I’m testing my development of cours 1-week 1 and after a lot of testing without errors, It apperars this erro in one part of code that in the past working well:

---------------------------------------------------------------------------
RuntimeError                              Traceback (most recent call last)
<ipython-input-5-219e6ba6ddf4> in <module>
     10 test_get_noise(1000, 100, 'cpu')
     11 if torch.cuda.is_available():
---> 12     test_get_noise(1000, 32, 'cuda')
     13 print("Success!")

<ipython-input-5-219e6ba6ddf4> in test_get_noise(n_samples, z_dim, device)
      1 # Verify the noise vector function
      2 def test_get_noise(n_samples, z_dim, device='cpu'):
----> 3     noise = get_noise(n_samples, z_dim, device)
      4 
      5     # Make sure a normal distribution was used

<ipython-input-4-198c4eb1d8d6> in get_noise(n_samples, z_dim, device)
     13     # argument to the function you use to generate the noise.
     14     #### START CODE HERE ####
---> 15     return  torch.randn(n_samples, z_dim, device = device)
     16     #### END CODE HERE ####

RuntimeError: CUDA error: out of memory

I reset my pc but I obtein the same result.
someone know whats it’s the problem?

That usually just means you got unlucky and the particular VM your notebook happens to be running on in the cloud was overloaded at that time. You can just try again. If it keeps repeating, try doing “Save” and then close and reopen the notebook and try again. If that still doesn’t work, just take a break and come back and try again in an hour.

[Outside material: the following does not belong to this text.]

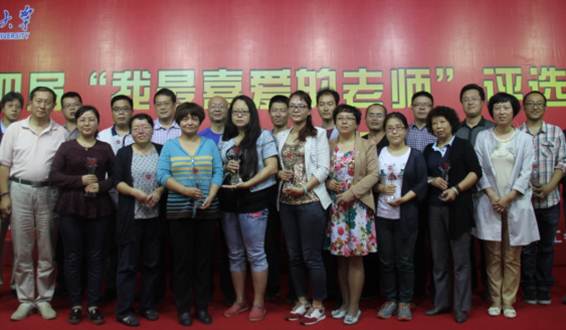 难忘师恩,接着进入激动人心的颁奖环节,主持人为获奖老师宣读颁奖词,用最真挚朴实的语言道出了老师们孜孜不倦,坚守岗位,教书育人,几十年如一日的辛苦工作, 2015年9月22日晚18点整在图书馆报告厅举行由校团委、校工会、校学生会主办的第四届“我最喜爱的老师”评选活动颁奖典礼。参与此次活动的有校工会副主席朱晋中,校团委书记赵琼,校团委副书记张瑛,各学院学生会副部级以上人员,教师代表及主持人和学生代表,以及校学生会工作人员。

I don’t know what’s the problem but one day after i have the same problem.

It sounds like my guess about the cause was wrong. Are you sure that you don’t have an infinite loop in your code or that you haven’t done something else that causes the memory footprint of your notebook to grow to be extremely large (e.g. printing debugging output in a tight loop somewhere)?

You can figure out your memory size by downloading the notebook (“File → Download as notebook (ipynb)” and then looking at the file size. You can find the base size by doing “Kernel → Restart and Clear Output” and then downloading it again. In some of the GANs assignments, the training generates quite a bit of memory growth.

Facing a similar error, tried to kill the processes shown in nvidia-smi and still obtaining the same ‘out of memory’ error. @FEROMONTALVO did you manage to resolve it?

I am having the same issue. Running this cell locally returns “Success”. I think it must be related to the cloud system notebook is running.

Hi @OmidS, can you please “Refresh the workspace” and re-submit the solution. (Please make sure to save your work before refreshing).

Thank you,
Sharob

Thanks. I will try that for the next assignment. I realized if the code is correct despite not being able to run this on the cloud (and I can verify this by running locally) the submission will go through and can be graded. Not the best workaround though.